Fun with Musical Acoustics

Friday, September 28, 2012 4:00 p.m. in ETC 4.150

Dr. Thomas G. Muir
Applied Research Laboratories
The University of Texas at Austin

Musical acoustics has fascinated the intellect of man since pre-historic time, when tunes were played on flutes made from feathers and of bone, as well as lyres made from yokes, turtle shell resonators, and gut strings. Some anecdotal comments are offered on the achievements of some great philosophers, scientists and engineers in the art of organology, the study of musical instruments, which include, for example, Pythagoras (550 BC), Galileo (1638), down through Wheatstone (1828), and many others. Recently, the availability of applications (apps) on smart phones, pods, pads, tablets and laptops has offered a wide assortment of very good tools for casual, and even professional use in musical acoustics. These apps include assets such as sound level meters, FFT and octave band analyzers, as well as signal generators and more, all offering opportunities unheard of by the masters, enabling the educated user to contribute to the art, which previously required laboratory facilities. Some examples of iPhone app results are given here through an experimental study of an American reed “pump” organ, recently restored by the author. These instruments, popular in the 19th and early 20th centuries, have long provided interesting pursuits involving their acquisition, restoration, history and musicology, as well as performance. Some acoustical curiosities of the author’s instrument are described, including mechanical design, means of sound production, reeds, reed spectra, stop types, and intonation. Recordings are played to demonstrate the tonal quality of the various stops and playing options, and video sound clips of professional artists playing restored instruments are presented.

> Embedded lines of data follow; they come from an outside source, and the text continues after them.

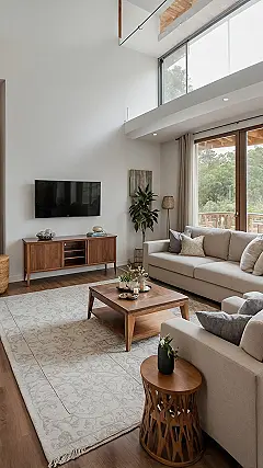And let’s talk about those smart style choices that make this small living room feel anything but cramped! That awesome rattan light hanging from the ceiling? It’s probably got a secret superpower to make the room feel taller and more open. Plus, notice how the TV console keeps things tidy and neat, hiding all those pesky cables and gadgets. It’s like the room knows your struggle with clutter! Everything from the cozy rug to that plush little pouf is designed to make a smaller space feel super inviting and ready for epic movie nights or just chilling out without feeling like you’re playing a game of Tetris with your furniture.
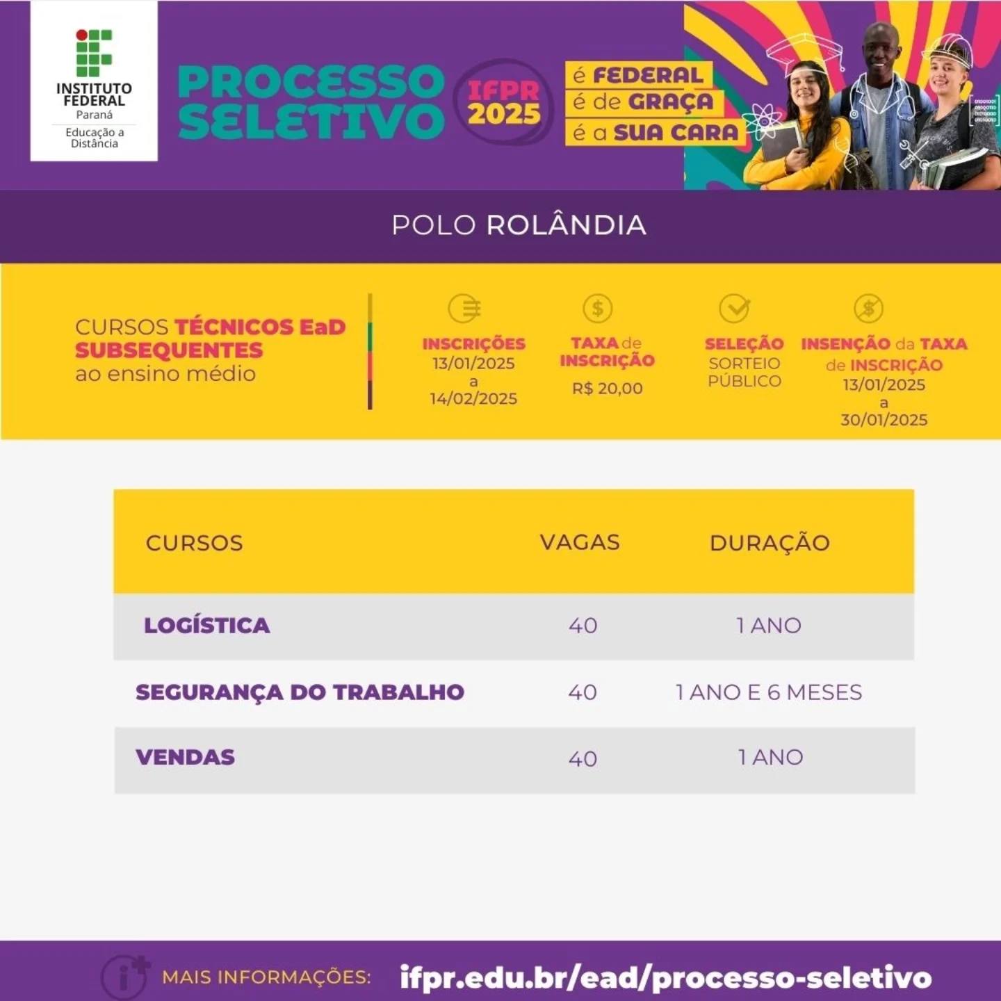 INSCRIÇÕES ABERTAS PARA CURSOS TÉCNICOS A DISTÂNCIA DO IFPR PARA MORADORES DE ROLÂNDIA
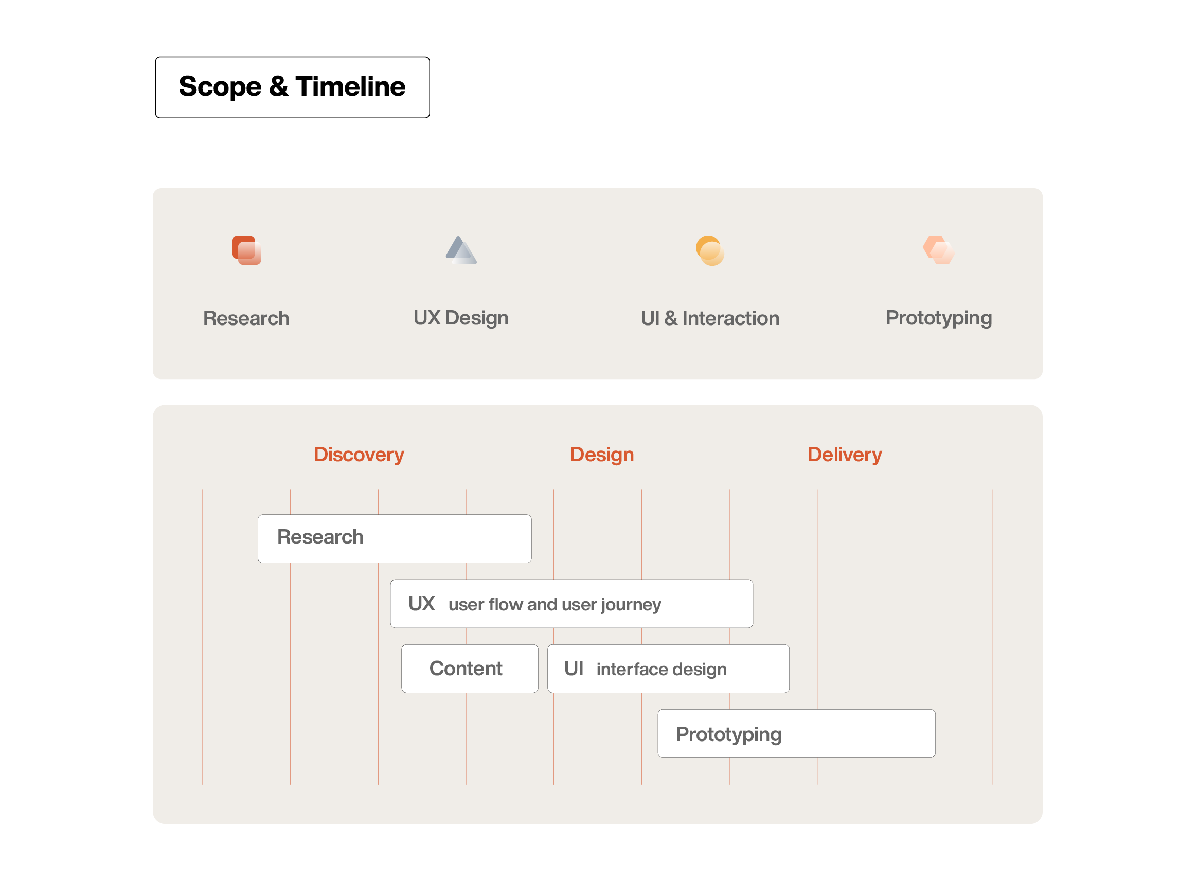 Logo · Brand identity · Visual identity · Wireframes · Hi-fidelity UI screens · Prototype · Brand Strategy
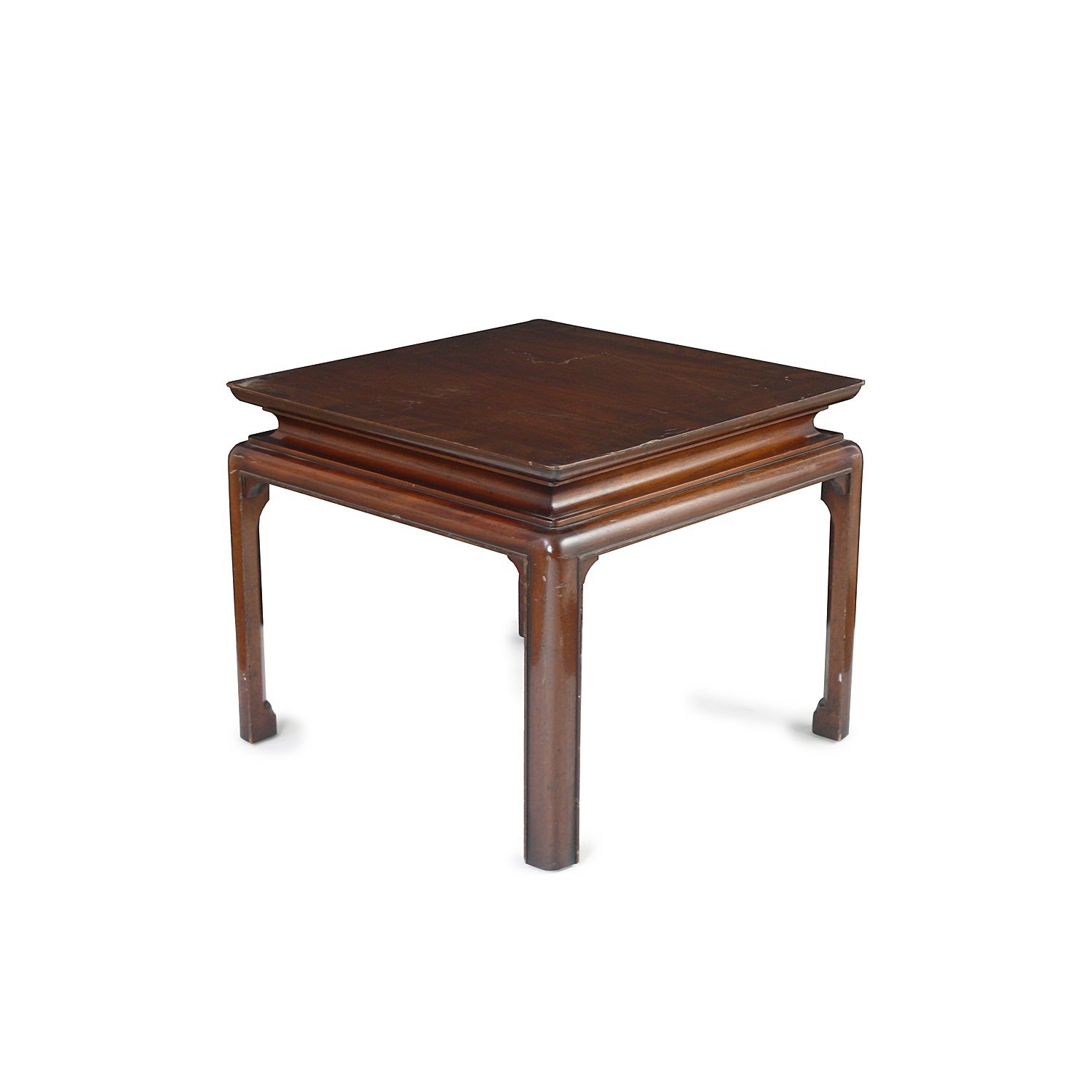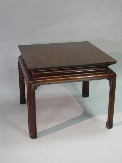 LARGE SQUARE CHINESE CHIPPENDALE LOW MAHOGANY OCCASIONAL TABLE 53 CM HIGH 62 CM WIDE 62 CM DEEP (X2)

Micromachined Microphones with In-Plane Directivity

Friday, October 5, 2012 4:00 p.m. in ETC 4.150

Michael Kuntzman
Department of Electrical and Computer Engineering
The University of Texas at Austin

Since being commercialized less than a decade ago, the microelectromechanical systems (MEMS) microphone market has seen dramatic growth, with 1 billion units shipped in 2011 and global shipments projected to reach 2.9 billion units in 2015. While low cost and robust, all current commercial MEMS microphones are omnidirectional. The signal-to-noise ratio (SNR) of MEMS microphones, while good enough for close-talking applications, is too poor to address advanced audio functionalities on the horizon. As a step towards realizing more innovative microphones that truly leverage unique design flexibility afforded by microfabrication, we will introduce piezoelectric microphones designed for in-plane figure-8 directivity. Topics will include description of the overall concept, microfabrication, and a presentation of directivity measurements on early proof-of-concept prototypes. A hybrid modeling method combining finite element analysis (FEA), modal analysis, and lumped element network modeling, which is capable of accounting for the dynamics of multiple vibration modes and multiple transduction ports, will be introduced.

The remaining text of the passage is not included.